Tuesday, July 24, 2007

First Light of Dawn

Sometimes a story begins at the first breaking light of dawn, and sometimes not until the dark bitter hours just before.

Today is my dad’s eighty-eighth birthday. He looks remarkably good for a man born on July 24, 1919. We had planned a large birthday party for him. No one showed up except for my brother and me.

My dad has Alzheimer’s, but I sensed he was expecting more than Jack and I when we entered the Steak and Ale restaurant near the rest home where he lives. He glanced around the room, as if looking for someone to jump up and yell surprise. No one did. My brother is sixty-three, and I am sixty and the dinner caused me to ponder my own mortality.

My mom died last November, a victim of cancer and fate. She had a quick mind until the day she died and could always remember the past’s vaguest detail. My brother Jack and I, it seems, are more like our dad.

Yesterday we took Dad for a doctor’s visit. His doctor is a tiny, but beautiful, Chinese woman who specializes in geriatrics and gerontology.

“He isn’t getting enough mental stimulation,” she said, “Nor enough exercise.”

“Dad is shy,” we told her. “He is the only man in the place. He is lonely, and bored.”

She looked at me, and then my brother. Her expression needed no interpretation. I understood her question and I know Jack also did. She did not expect an answer and I am positive that she read our faces as clearly as we had hers.

Leaving her office yesterday, my dad grabbed his groin and winced.

“You okay?” I asked.

“I haven’t had much exercise lately,” he answered.

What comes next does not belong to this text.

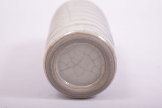 A CHINESE CRACKLE GLAZED RIBBED PORCELAIN VASE, 17cm high.
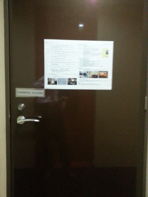 「もったいない」という言葉は、クールビズ同様に小池さんのキャッチコピーですが、予てより気になっていたのは、事務所名プレートの不透明性と扉の有効利用について。事務所名プレートは家主指定ですが、スチールプレート(シルバー)に黒文字を印字しているので、何と書いているか、見ようと思ってわざわざ目を近づけないと、誰もわからないという代物。かつ扉のデッドスペースをうまく広報に利用したいと考えていたことから、本日、決行することにした。

Tonight, he grabbed his groin at the dinner table, the expression on his face that of pain. Dad is from a generation that does not make waves, faces his pain with stoicism. Still, it was apparent on his face.

You okay?” I asked again for the second time in two days.

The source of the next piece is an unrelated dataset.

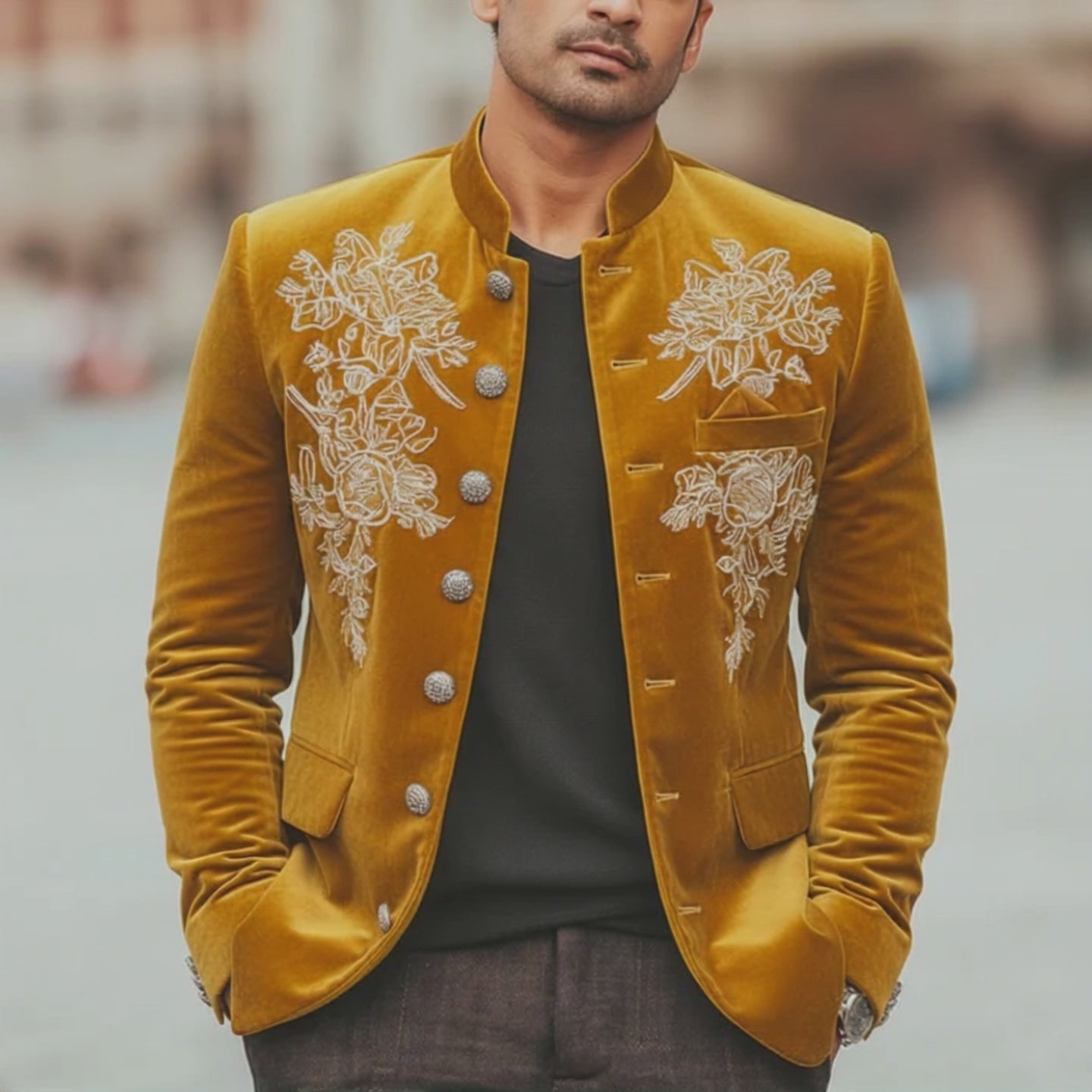This Men's Luxury Gold Yellow Velvet Embroidered Stand-collar Slim-fit Jacket is a masterpiece of elegant craftsmanship. The jacket features a rich, vibrant gold yellow velvet fabric that exudes opulence and style. Intricate embroidery adds a touch of sophistication, making it perfect for both formal and semi-formal occasions.

“Not enough exercise,” he answered again.

When I left the old man at his room in the nursing home, I sensed a feeling within him. I think it was acceptance. At his age, he has rarely seen a doctor, or been sick. He is lucky. Or is he?

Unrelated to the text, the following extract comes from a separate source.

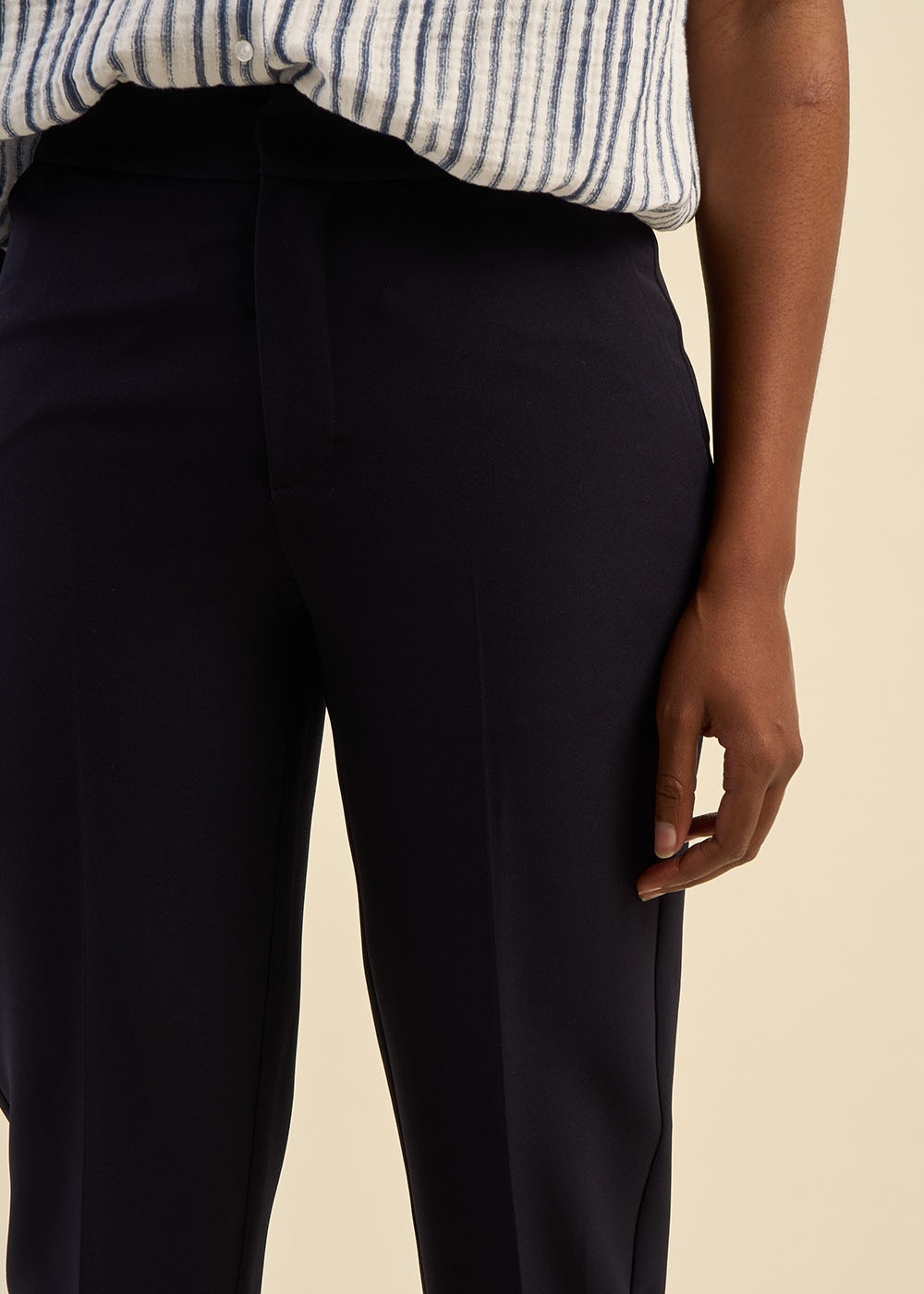 Doté d’un pli préformé à l’avant, il structure la jambe avec élégance, tandis que la poche arrière passepoilée ajoute un détail sophistiqué. Une pièce incontournable pour celles qui recherchent style et aisance au quotidien.

Living in a small area with only women, all more incapacitated than himself, the days must be endless, the inability to understand the quagmire immersing him even more devastating to what remains of his fragile psyche.

I do not really know where I am going with this story. As I peck it out on my keyboard, I wonder – where am I at my present stage of life? At sixty years of age, it is obviously not my first breaking light of dawn, but how many dark hours remain until the circle reconnects?